Стало гораздо сложнее вести дела, связанные со свободой слова, особенно когда твоим оппонентом в суде является государство. В случае онлайн-контента это всегда федеральный Роскомнадзор, независимо от того, идет ли речь о независимом онлайн-ресурсе или электронной версии местной бумажной газеты. Таким образом, административные дела против редакций из Владивостока, из Ростова и так далее рассматриваются в Таганском районном суде Москвы. При этом абсолютно все иски к Роскомнадзору редакций, обжалующих претензии ведомства, рассматриваются одной и той же судьей, Юлией Смолиной, которая, в том числе, вынесла решение о блокировке мессенджера Telegram. Она пока не вынесла ни одного решения в пользу редакций. Так что исход всегда предсказуем, и возникает неприятное ощущение, что ты постоянно бьешься головой об стену. Разумеется, отсутствие независимого суда и такой жесткий репрессивный подход к урегулированию интернета вызывают серьезную обеспокоенность.
Об опасных гиперссылках и запретных темах
Много претензий связано с гиперссылками, поскольку онлайн-СМИ довольно активно предоставляют свои площадки блогерам. Например, на сайте «Эха Москвы» есть большой раздел блогов, и там блогерами могут быть самые разные люди — журналисты, общественные деятели, писатели, актеры и так далее. Разумеется, многие из этих блогеров не очень осведомлены об информационном законодательстве.

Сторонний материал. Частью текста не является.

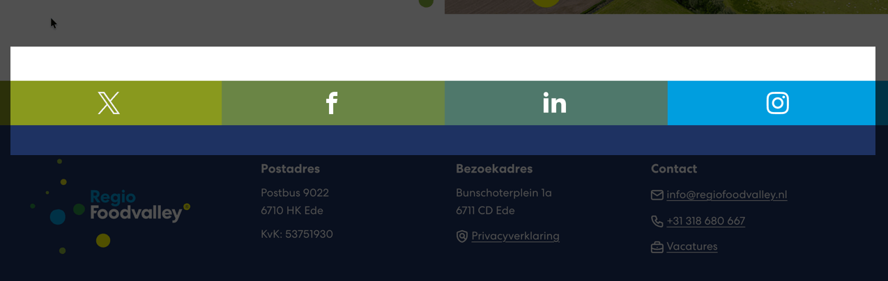 In de footer staan links naar sociale mediakanalen (zoals X, Facebook, LinkedIn en Instagram). Deze links worden visueel weergegeven met het logo van het platform.

Например, относительно недавно, в рамках своей предвыборной президентской кампании, Ксения Собчак ездила в Чечню. Ее там встретили молодые люди, которые обругали ее матом. Ксения написала об этом инциденте на блоге «Эха Москвы» и поставила туда гиперссылку на видео в YouTube, где было зафиксировано происшествие. В результате «Эхо Москвы» было привлечено к ответственности за распространение мата в СМИ, хотя, безусловно, это был вопрос общественной значимости, а мат был обращен именно к Ксении Собчак, которая сама эту ссылку выложила. То есть оскорбиться тут точно никто не мог.
Один из наших постоянных клиентов — крупный региональный портал правозащитного характера, который регулярно привлекается к административной ответственности за выложенные блогерами ссылки, содержащие мат (даже в случаях, когда нет адресного оскорбления человека), за неправильную возрастную маркировку и так далее. Таких дел у нас очень много.
Недавно этот портал опубликовал интервью с Михаилом Светловым, в котором тот рассуждает на тему легализации наркотиков. В результате редакция была оштрафована на 840 000 рублей за пропаганду наркотиков. В последнее время таких «опасных» тем становится все больше. Например, недопустимо писать о методах и причинах самоубийства и призывать к самоубийству. Это контролирует даже не Роскомнадзор, а Роспотребнадзор, что само по себе немного комично. Тут всё очень технично, никаких политических претензий. Или нельзя сообщать персональные данные ребенка, который является жертвой преступления. За это предусмотрен штраф в размере миллион рублей. А как быть в ситуации, когда ребенок потерялся, и пока неясно, было ли применено насилие? Как быть с темой насилия над детьми в семьях? Не всегда возможно или целесообразно брать согласие у родителей. Это очень проблематично.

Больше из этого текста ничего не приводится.